Roasted 2 years ago based on LatinaVelma's long term Spotify stats.
LatinaVelma? More like LatinaWho-Cares! Your Spotify profile reads like an indie hipster's fever dream—one where the term "alternative rock" is just code for "I can't decide what mood I'm in, so I'm going to listen to fifteen genres simultaneously." Seriously, your favorite genres sound like the names of overpriced smoothies at a Brooklyn juice bar. "Modern Alternative Rock"? Get a grip! That’s not a genre; that’s a sign that you have commitment issues, even with your own music taste. And speaking of your top artists, you’ve got a roster that screams, "I'm a Pinterest board looking for emo aesthetics." It's sad when "Imagine Dragons" is the most mainstream-sounding name in your playlist—sorry, but you might as well be jamming out to the local news jingle. "Chappell Roan" and "Phantogram"? You do realize that no one has ever heard of them outside of a coffee shop open mic night, right? I mean, they could be your imaginary friends for all we know. As for those most played songs, let’s just say your musical vibe is like a playlist made by a teenager who just discovered Spotify and thinks being "deep" just means being painfully obscure. "What Kind Of Man" and "Lonely Town"? Wow, you really nailed the whole “needs a hug but can’t admit it” aesthetic.
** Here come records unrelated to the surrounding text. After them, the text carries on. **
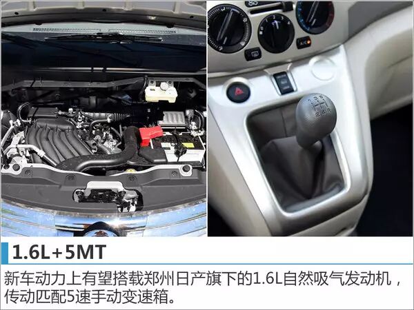 新车在定位上,将主攻家用车市场,是一台小型MPV。动力系统上,新车将有望搭载与郑州日产NV200同款的1.4L自然吸气发动机,最大输出功率91kW,峰值扭矩153Nm。传动方面匹配5档手动变速箱。上市之后,将竞争同样主攻家用市场的MPV市场霸主五菱宏光。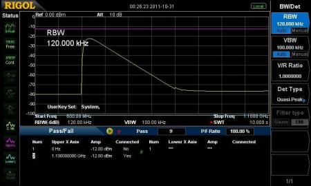 DSA800-EMI-alternativet tillhandahåller Quasi-Peak-detektor och EMI-filter (200 Hz, 9 kHz, 120 kHz, -6 dB bandbredd).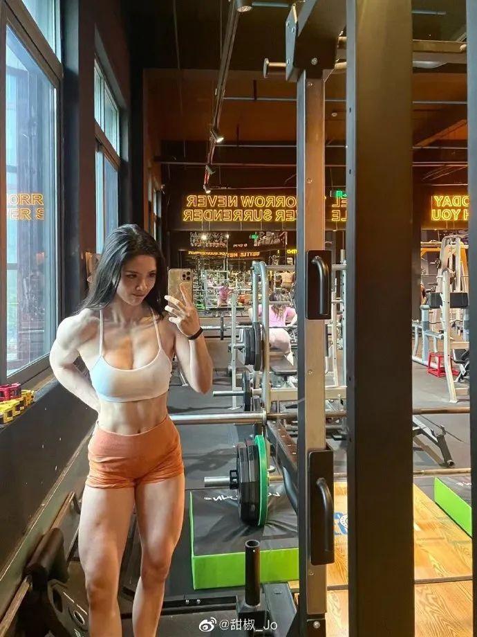 肉眼可見的低體脂,猶如白巧一樣的緊實肌肉,配上頗高的顏值,這位姐能火不是沒原因的!
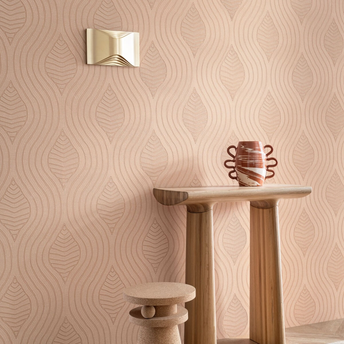 Roze geeft Brodelia een zachte, moderne zachtheid zonder zoet te worden. Het golvende dessin krijgt een vriendelijk accent dat creativiteit stimuleert; hierdoor is roze bijzonder geschikt voor slaapkamers, kinderkamers of studio’s. Combineer met licht hout, crèmekleurige stoffen en afgeronde vormen voor een uitnodigende, tactiele look. Daarnaast kun je roze volwassen stylen met greige, zand en gerookt eiken, zodat het geheel verfijnd en rustig blijft. Kies enkele glanzende details – denk aan keramiek of satijn – om de textuur te benadrukken. Het resultaat is een gebalanceerde, warme ruimte die een subtiele, hedendaagse elegantie uitstraalt.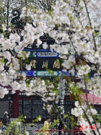 3月26日,龟山公园东门处的樱花与晴川阁同框。记者李永刚 摄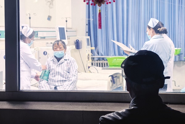 王锦虎望着血液透析室内的张爱珍。本报记者 吴风港 摄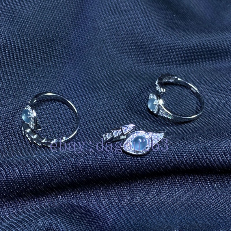 как выглядит Certified natural A-grade jadeite blue water Egg 925silver inlaid snake ring фото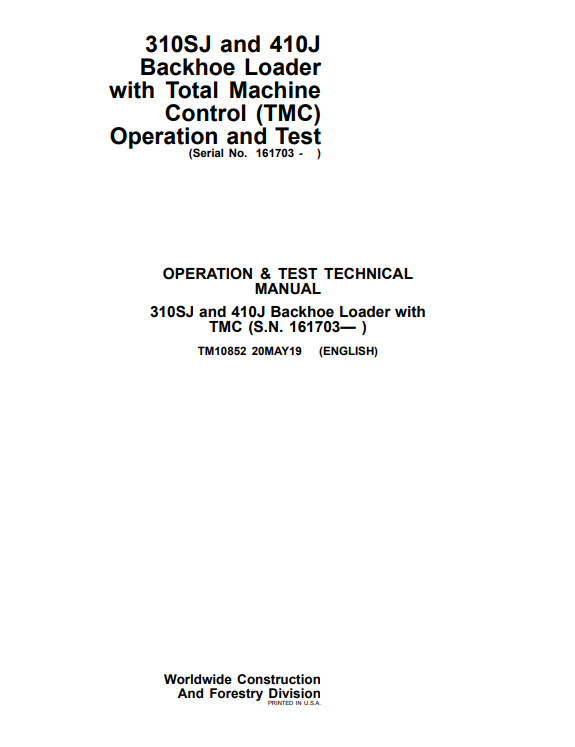Manual Operación y Prueba Retroexcavadora John Deere 310SJ - 410J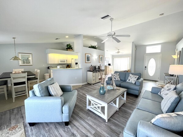 The Great Room har en stue med glidebrytere til Lanai-området, hiet / leseområdet, kjøkkenet og spisestuen. Hovedsoverommet har en king size-seng med fransk dør ut til bassengområdet og eget bad med dusjkabinett og boblebad i marmor. Soverom 2 har også en king size-seng, og det er eget dusjrom med dør ut til bassengområdet. Soverom 3 har enkeltsenger. Familie-badet har dusj over badekaret. Alle badene har hårføner. Hjemmet har kabel-tv i det store rommet og soverommet; telefon og internettilgang. Det fullt utstyrte kjøkkenet har oppvaskmaskin og mikrobølgeovn, og vaskerommet har en vaskemaskin og tørketrommel. Alt sengetøy, håndklær og bassenghåndklær er inkludert.

You might consider changing your name to "LatinaVelcro" because every time you try to shed those cringe-worthy tunes, you just can't seem to let go! Time to upgrade that profile, velma—before we start questioning what’s been holding you back all this time!
Roasts are purely for fun and entertainment. They're not meant to be taken seriously. Enjoy the laughs, but remember your music taste is uniquely yours!